Dezentrale Präsenzstrategie

Die Antwort war ein klares Nein. Wenn man nicht nur von der eigenen Vereinbarkeit von Arbeiten und Freizeit ausging, den vergeudeten Tankfüllungen und Stunden im Stau, sondern radikal vom Kunden herdachte. Zunächst testete man das in Ostdeutschland mit 400, später waren dann 800 Mitarbeitenden mit von der Partie. „Einzelne strategische Standorte wurden in moderne Begegnungsstätten umgewandelt, die nicht nur klassische Beratungsangebote für die Kundschaft bieten, sondern auch Konferenzräume, Veranstaltungsflächen und Einzelarbeitsplätze für jene Mitarbeitende in den zentralen Bereichen, die durch den Wegfall der Zentrale ihr Büro verloren.“

Die Idee gefällt mir: Wenn Platz im Hochregallager frei bleibt, könnte man doch auch Kartoffeln statt Autozubehör einlagern. Und sind die Kartoffeln erst einmal da, werden sie auch gegessen. Seien wir mal ehrlich: Wer braucht diese Räume mit Geldautomaten und Kontoauszugdrucker – außer den Obdachlosen zum Übernachten? Wenn wir also keine Banken mehr brauchen, können wir deren Räume auch umbauen und anderweitig nutzen. Als Café beispielsweise oder Veranstaltungsräumlichkeiten, in denen Lesungen oder Konzerte stattfinden. Treffpunkte eben – mit Hinterzimmern, in denen man sich dann separieren kann. Ist das nicht alte wienerische Tradition? Und kennen wir das nicht aus Großgruppenkonferenzformaten wie dem World Café?

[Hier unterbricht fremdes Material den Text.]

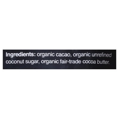 INGREDIENTS: Organic Cacao, Organic Unrefined Coconut Sugar, Organic Fair – Trade Cocoa Butter.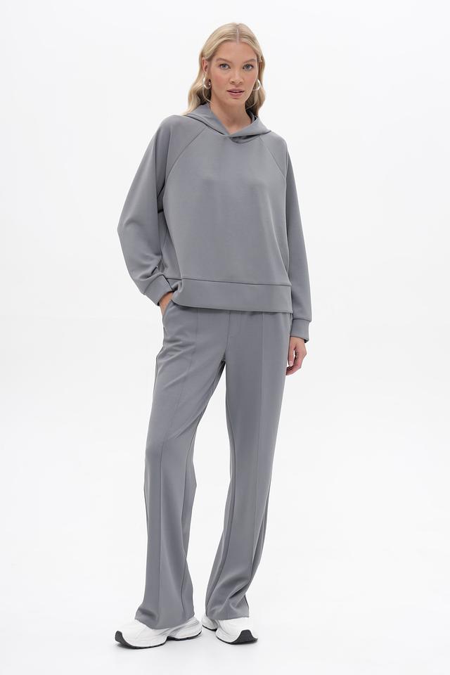 Брюки имеют свободный крой, обеспечивающий свободу движений, а пояс на кулиске позволяет регулировать посадку по фигуре. Классический серый цвет легко сочетается с различными элементами гардероба.

Die beste Version der Bank

Das Unternehmen wird hybrid. Na ja, teilhybrid. Irgendwo müssen die Rechner noch stehen. Und die Akten – werden digitalisiert. Was für eine schöne, staubfreie Vorstellung. Vorstand Kohler berichtet en détail über die Umstellung. Und da lauern allerlei Fragestellungen – wie beispielsweise die Arbeitsstättenrichtlinie. Aber es stellt sich auch die grundsätzliche Frage: Wie managt man das insgesamt? Die Antwort: Die Sparda-Bank Berlin hat 2012 ein bis heute stabiles Wertegerüst entwickelt, was verlässlich und einklagbar den Halt in sich ansonsten dynamisch verändernden Anforderungen gibt.“ Alle Inhalte können zur Disposition stehen, aber nicht die Art und Weise, wie man auf Anforderungen reagiert.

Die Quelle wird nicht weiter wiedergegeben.